__DATASET CONTENT__
━━━━
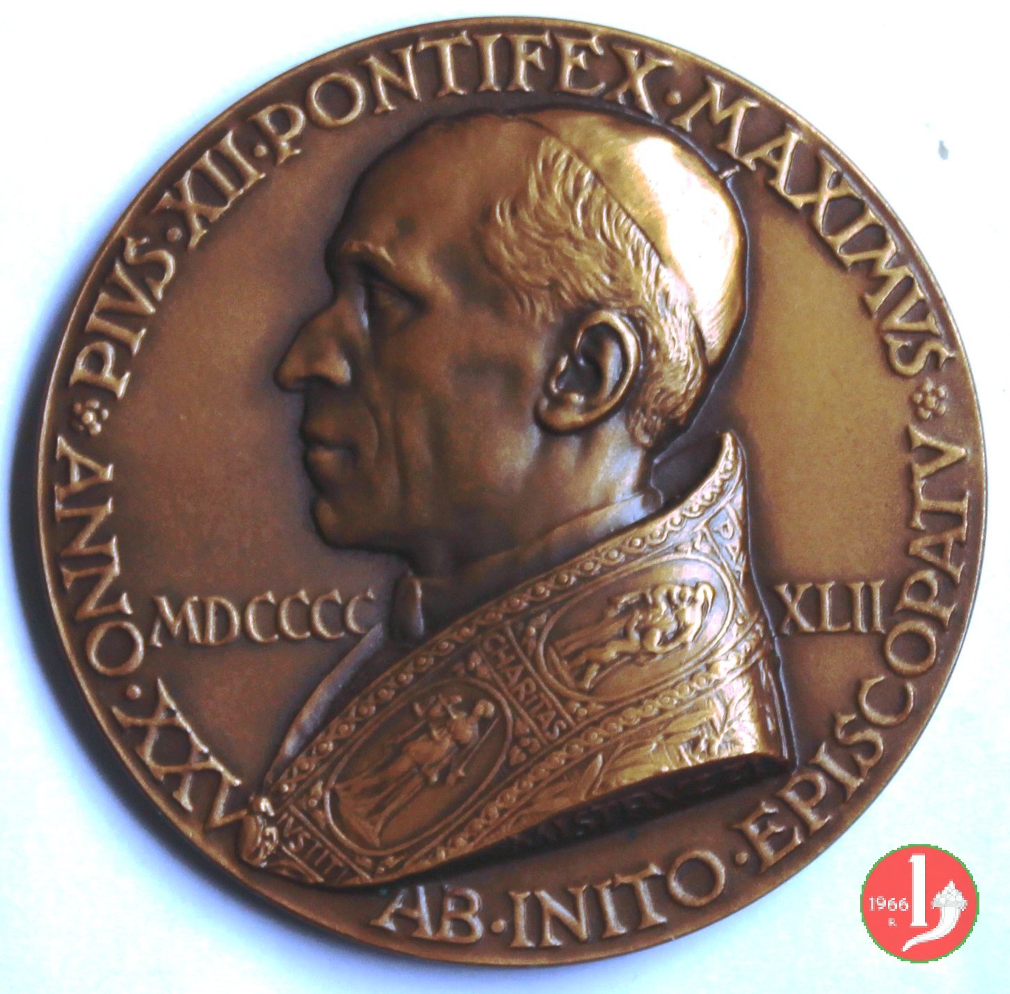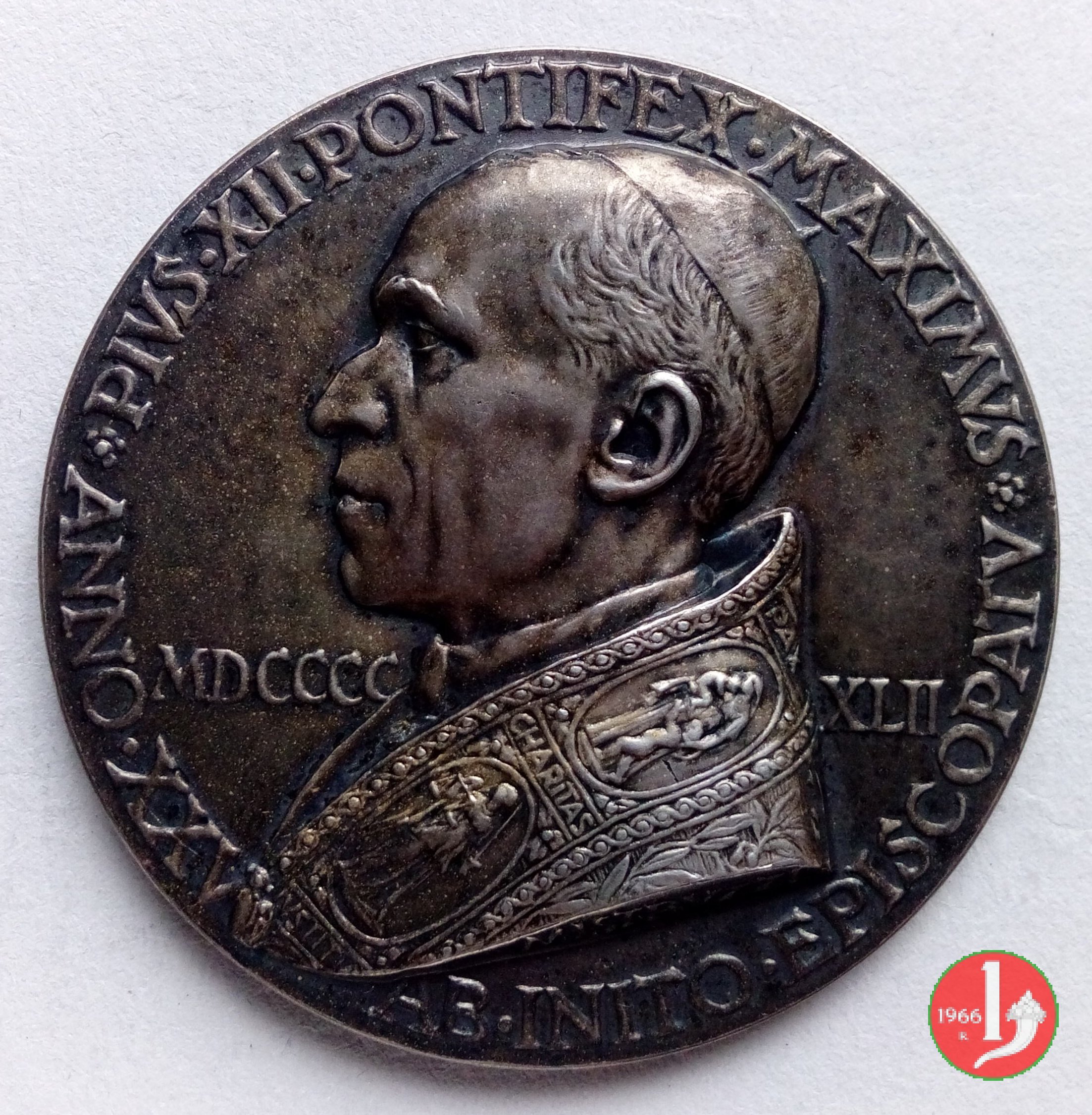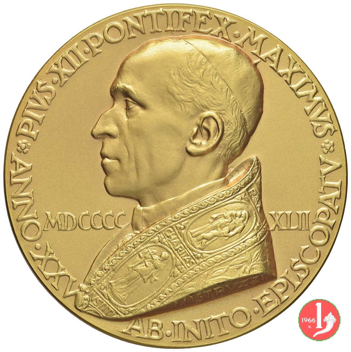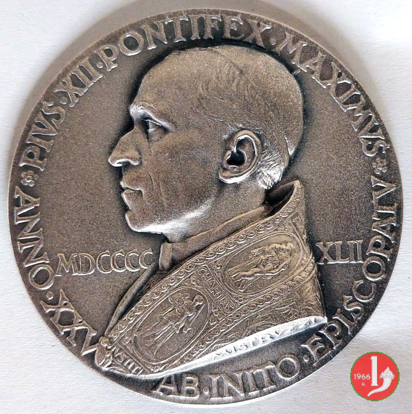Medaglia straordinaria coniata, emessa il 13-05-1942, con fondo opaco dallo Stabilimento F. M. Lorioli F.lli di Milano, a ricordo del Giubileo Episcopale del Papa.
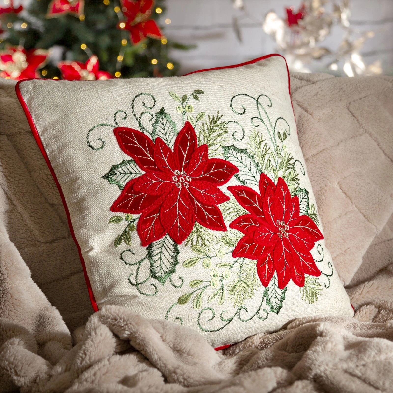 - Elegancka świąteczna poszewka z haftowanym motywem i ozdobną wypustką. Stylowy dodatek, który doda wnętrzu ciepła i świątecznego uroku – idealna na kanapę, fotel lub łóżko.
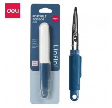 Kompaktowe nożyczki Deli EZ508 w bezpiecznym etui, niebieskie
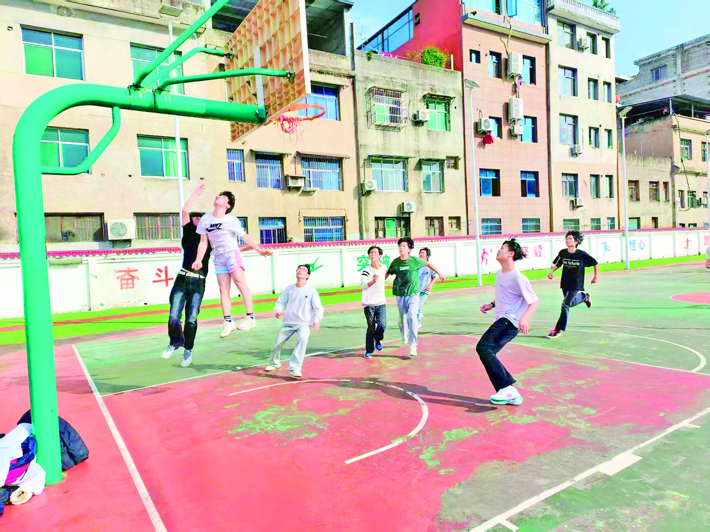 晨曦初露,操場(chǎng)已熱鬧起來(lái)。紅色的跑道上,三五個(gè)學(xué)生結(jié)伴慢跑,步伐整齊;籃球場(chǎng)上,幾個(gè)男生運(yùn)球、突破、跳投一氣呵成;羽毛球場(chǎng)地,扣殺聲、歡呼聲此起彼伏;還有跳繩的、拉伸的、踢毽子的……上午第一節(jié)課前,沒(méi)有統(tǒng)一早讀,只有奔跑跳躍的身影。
━━━━
Restate exactly, and only, the lines from the one that holds "- Elegancka świąteczna" down to the last line of the material above. Omit the pictures.

 - Elegancka świąteczna poszewka z haftowanym motywem i ozdobną wypustką. Stylowy dodatek, który doda wnętrzu ciepła i świątecznego uroku – idealna na kanapę, fotel lub łóżko.
 Kompaktowe nożyczki Deli EZ508 w bezpiecznym etui, niebieskie
 晨曦初露,操場(chǎng)已熱鬧起來(lái)。紅色的跑道上,三五個(gè)學(xué)生結(jié)伴慢跑,步伐整齊;籃球場(chǎng)上,幾個(gè)男生運(yùn)球、突破、跳投一氣呵成;羽毛球場(chǎng)地,扣殺聲、歡呼聲此起彼伏;還有跳繩的、拉伸的、踢毽子的……上午第一節(jié)課前,沒(méi)有統(tǒng)一早讀,只有奔跑跳躍的身影。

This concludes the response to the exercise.